Il ne s’agit pas d’un simple débat technique. Il est question de la consolidation d’Internet dans un cyberespace mouvant, où les droits des internautes peuvent être bafoués à grande échelle.

La France a une position ambiguë sur la question, avec un organisme comme l’AFNIC très au fait du sujet et conscient des dérives du pouvoir américain, mais également avec un pouvoir politique assez frileux qui reste pour l’instant inaudible. L’Europe semble pour une fois en avance sur les États-Unis sur ce sujet, mais elle est impuissante si ces derniers se s’associent pas et ne se mettent pas d’accord. Le Parlement peut multiplier les recommandations et rapports, sa marge de manœuvre reste étroite.
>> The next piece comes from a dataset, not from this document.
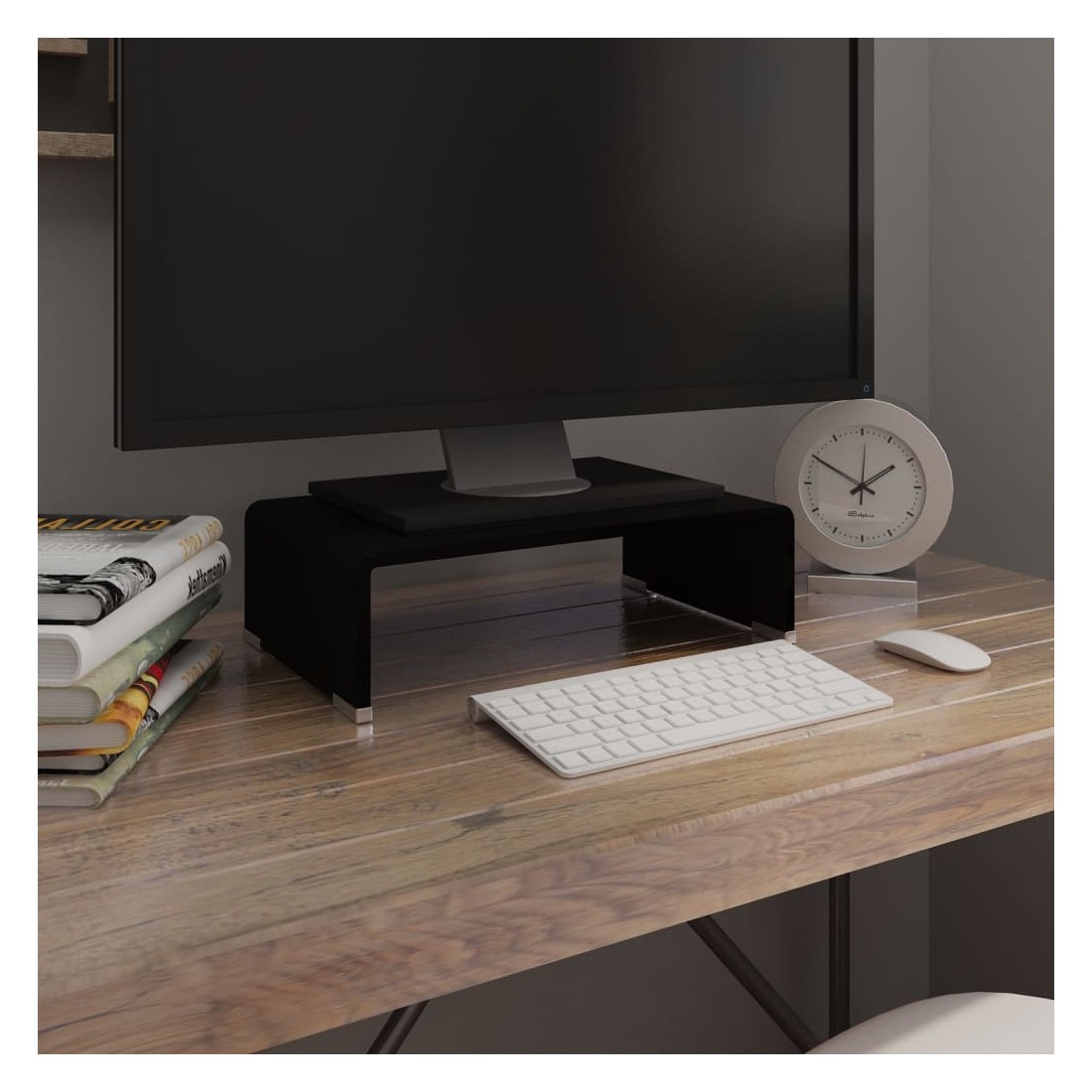 Ce support TV pratique est doté d'une construction en verre trempé. Le design élégant et profilé de ce meuble TV raffiné ajoutera une touche moderne à votre espace de vie. Cette étagère en verre peut être utilisée comme support TV ou support pour votre moniteur d'ordinateur, téléviseur, ordinateur portable et autres appareils multimédia. Avec une étagère en verre qui soulève le moniteur, vous aurez une meilleure vision de l'écran en étant confortablement assis, ce qui permet à réduire la tension et l'inconfort sur votre cou ou dos. L'espace en dessous peut accueillir votre lecteur de DVD, console de jeux, appareil de diffusion en continu, récepteurs et des supports média. Le cadre en verre est trempé pour ajouter de la résistance et de la sécurité. La surface lisse est facile à nettoyer avec seulement un chiffon humide.
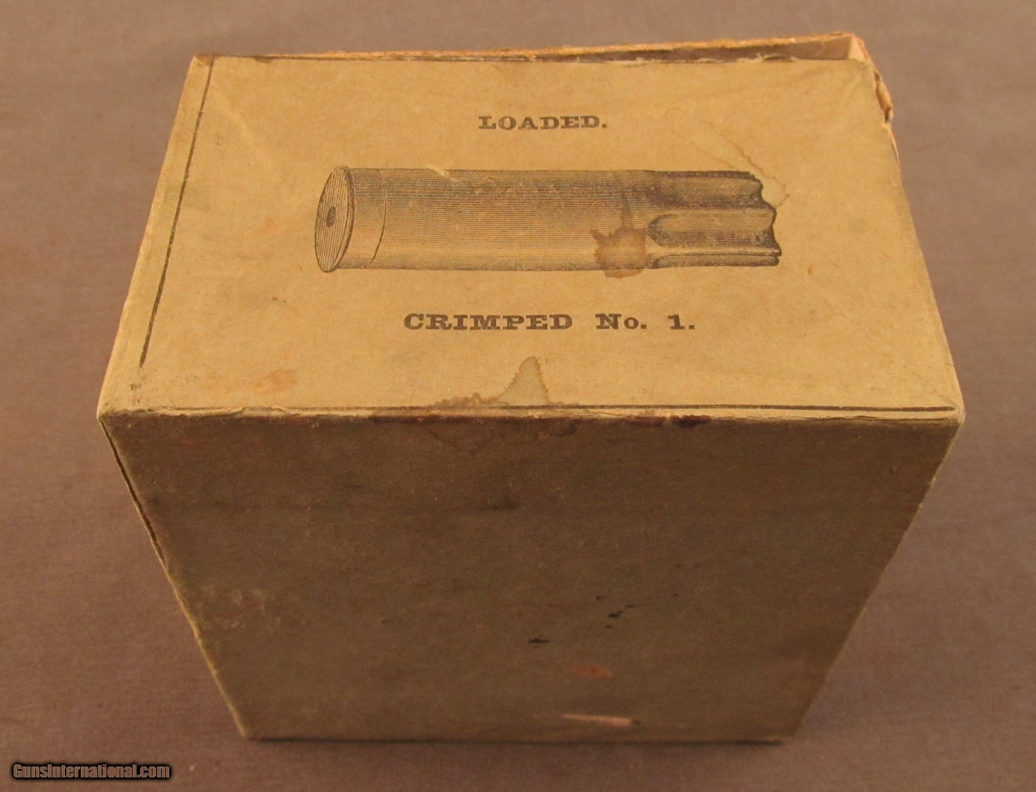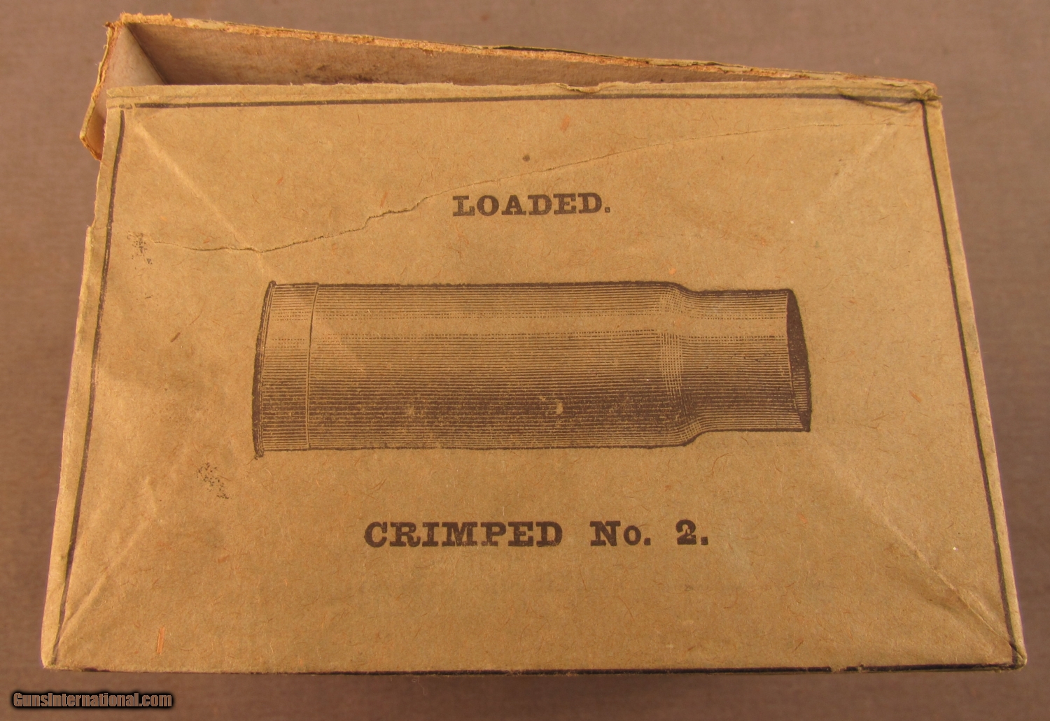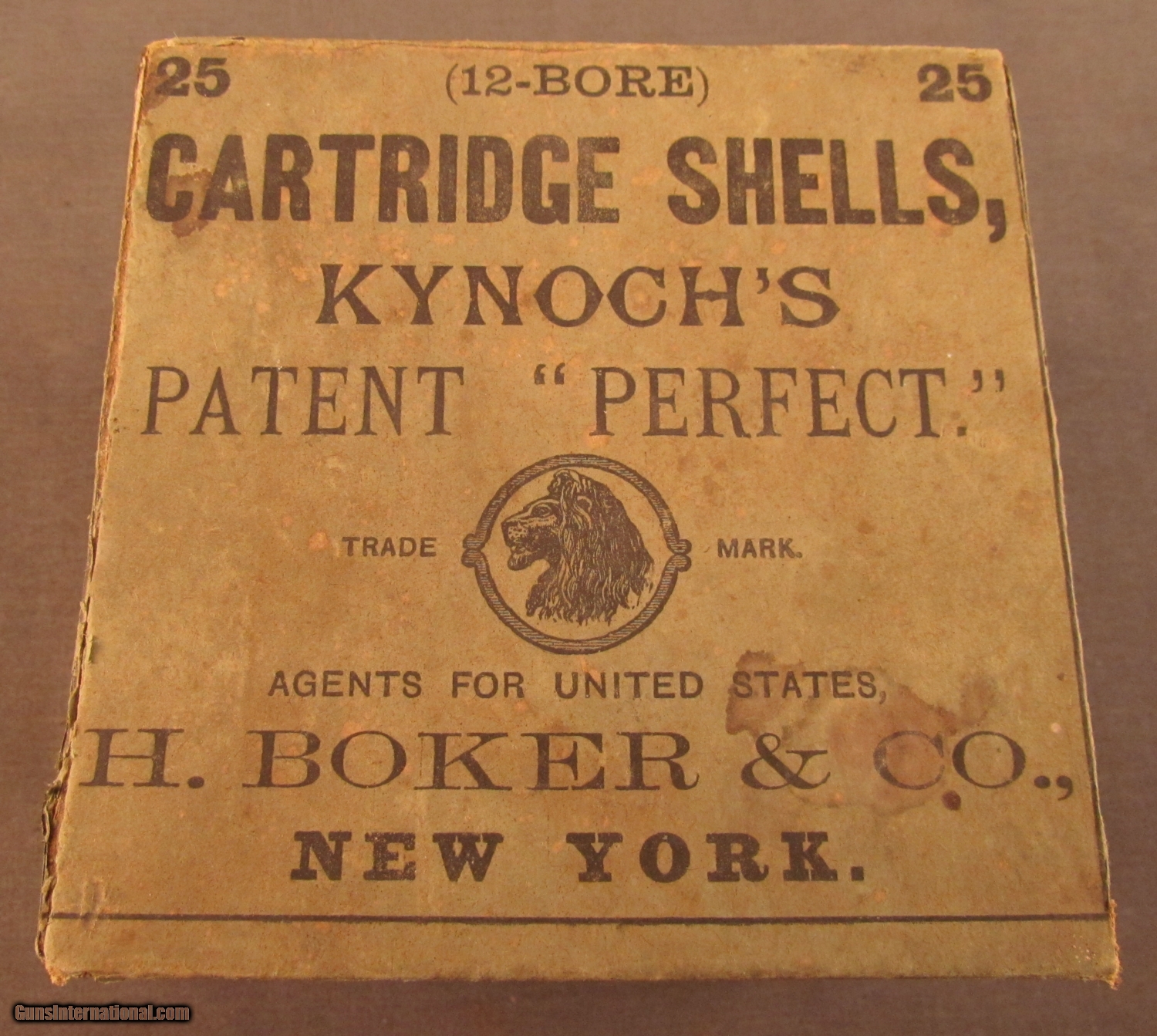 Description: This dark green one piece box has a cloth reinforcement on box shows light soiling and a couple stains on top with Kynoch Lion trademark and H. Boker importers names. Sides of box show large cuts with crimped No 1 and crimped No 2 shells. Nox contains eleven primed brass two piece shells with "Kynoch's Patent No 12" headstmap. H. Boker of New York was part of the famous cutler family known for importing German knives and scissors. SOLD Manufacturer: Kynoch Model: Ammo Caliber Info: 12ga Gauge Info: 12ga |

Ne pas raisonner en "gagnants / perdants" 

Le processus s’annonce compliqué, et nul doute que les Etats-Unis ne feront rien pour le simplifier, afin de rappeler leur rôle "positif" de stabilité jusqu’à présent, mais tous ont intérêt à se mettre d’accord sur un mode de gouvernance démocratique, stable : les États, car il y aura un rééquilibrage des influences, et les entreprises, car de nouveaux marchés seront ouverts avec l’essor de nouveaux noms de domaine.

Les prochaines réunions de l’ICANN seront intéressantes à observer pour voir quel type de gouvernance d’Internet (rappelons que sans les serveurs DNS racines, Internet ne fonctionne plus) se profile à l’horizon.

Il ne faudra pas penser en "gagnants / perdants" pour les Etats, mais veiller avant tout à ce qu’un ICANN fort, indépendant et évolutif voit le jour.